Provided material
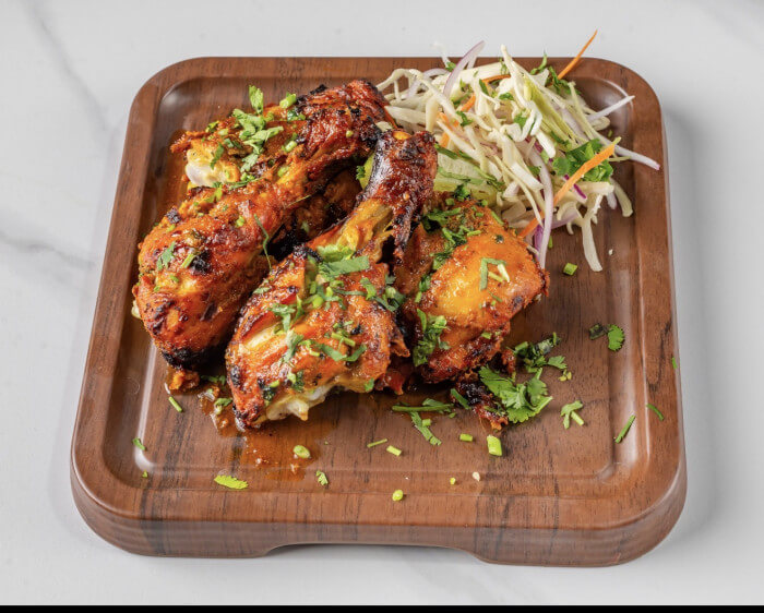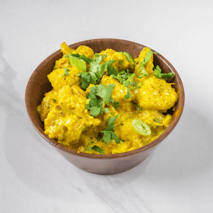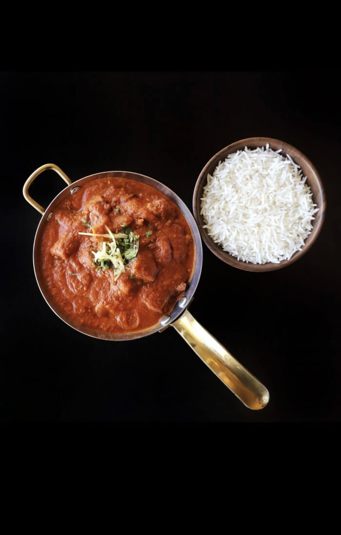 A crispy, Golden Dosa paired with a hearty, slow cooked goat curry infused with traditional spices and aromatic flavors.
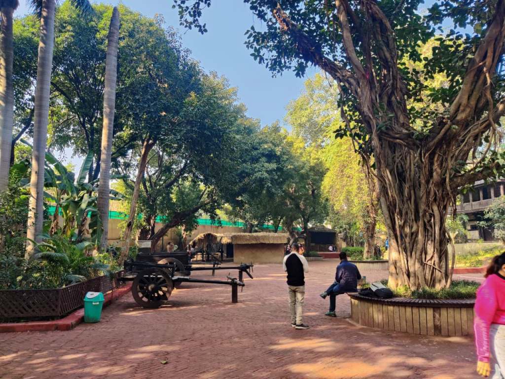It invites you to slow down, to notice the small things – a carved wooden door, a jali screenโs shadow, a mural that feels like itโs telling you an ancient secret. In the courtyard, youโll find replicated village scenes about 15 hand-built structures created by regional craftsmen. There are homes, shrines, terracotta horses and vibrant murals – from Mithila (Bihar) to Santhal tribal art, each representing rural Indiaโs diverse soul.
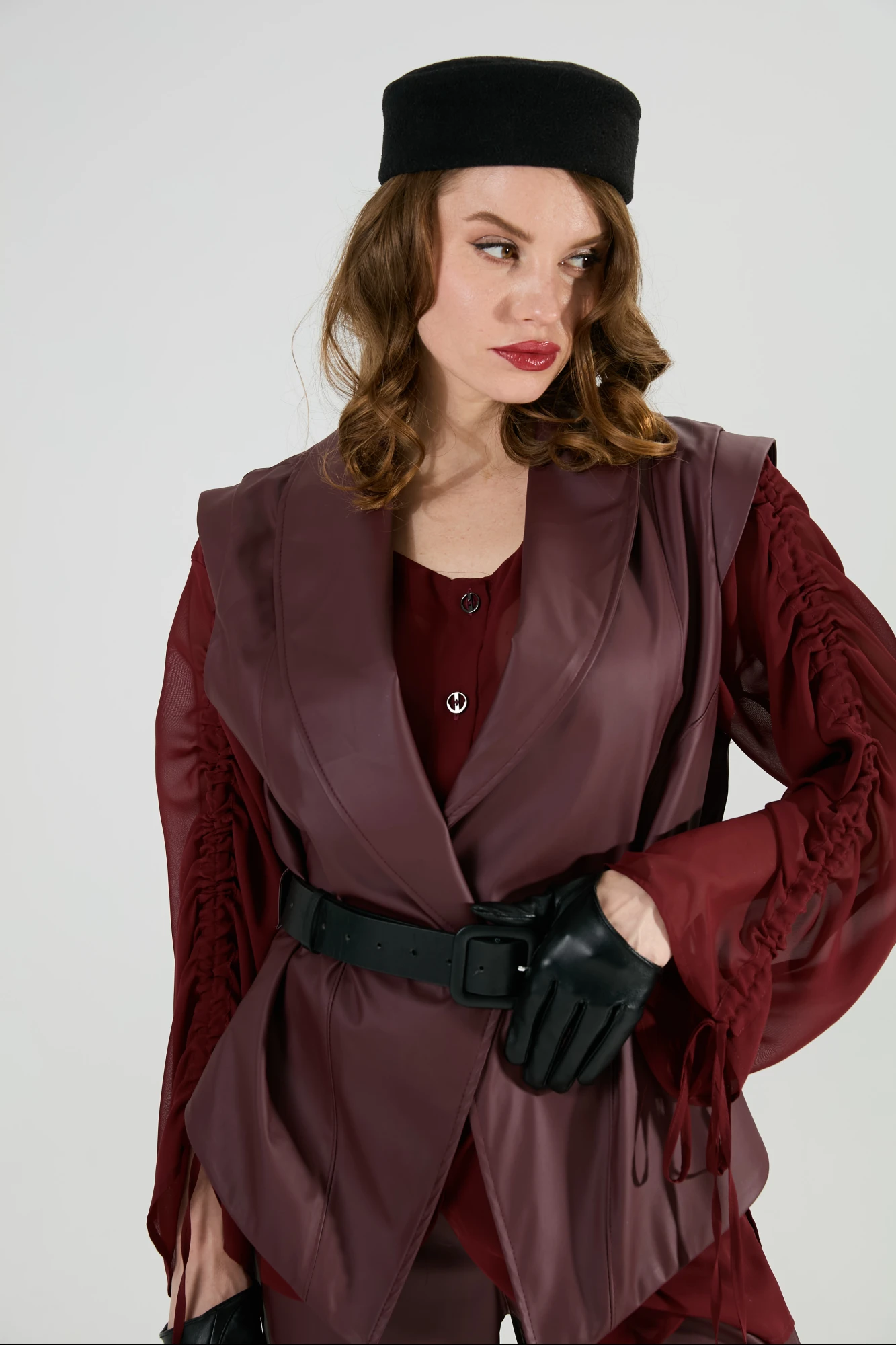Жилет удлиненный свободного прямого силуэта, воротник пиджачного типа. Линия низа по переду и спинке фигурная ассиметричная. Короткий рукав-крылышко. Талия фиксируется съемным ремнем из экокожи, для которого в боковых швах оформлены шлевки. Ремень идёт в комплекте к изделию.
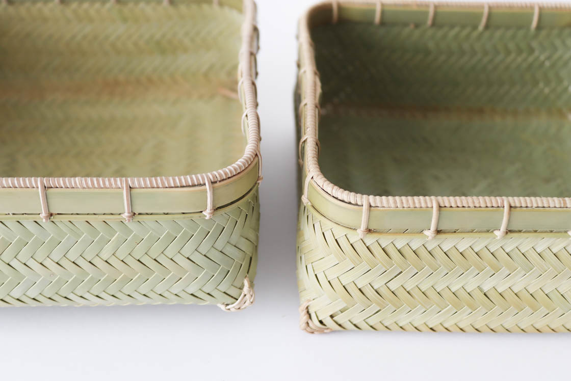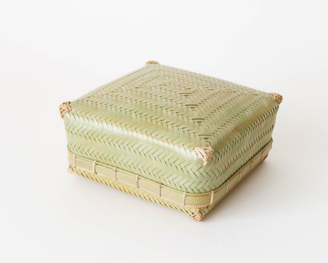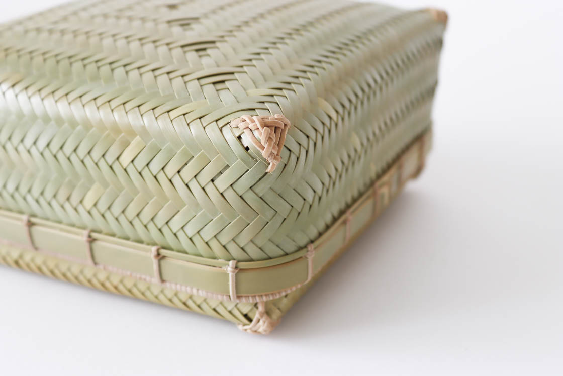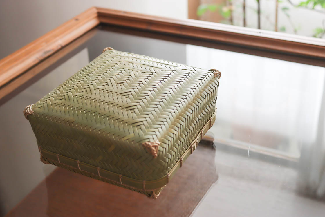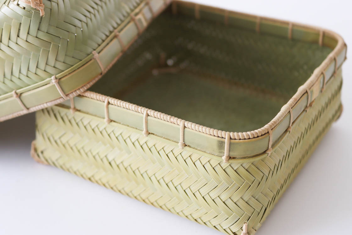 こちらは、「網代編み」で端正に編み上げたお弁当籠。これまで20年以上作り続けてきたという蓋付きのかごです。

What the task asks
Could you transcribe exactly the lines running from the one with "Жилет удлиненный свободного" to the final line of the material above, both included, with no pictures?

Reply
Жилет удлиненный свободного прямого силуэта, воротник пиджачного типа. Линия низа по переду и спинке фигурная ассиметричная. Короткий рукав-крылышко. Талия фиксируется съемным ремнем из экокожи, для которого в боковых швах оформлены шлевки. Ремень идёт в комплекте к изделию.
 こちらは、「網代編み」で端正に編み上げたお弁当籠。これまで20年以上作り続けてきたという蓋付きのかごです。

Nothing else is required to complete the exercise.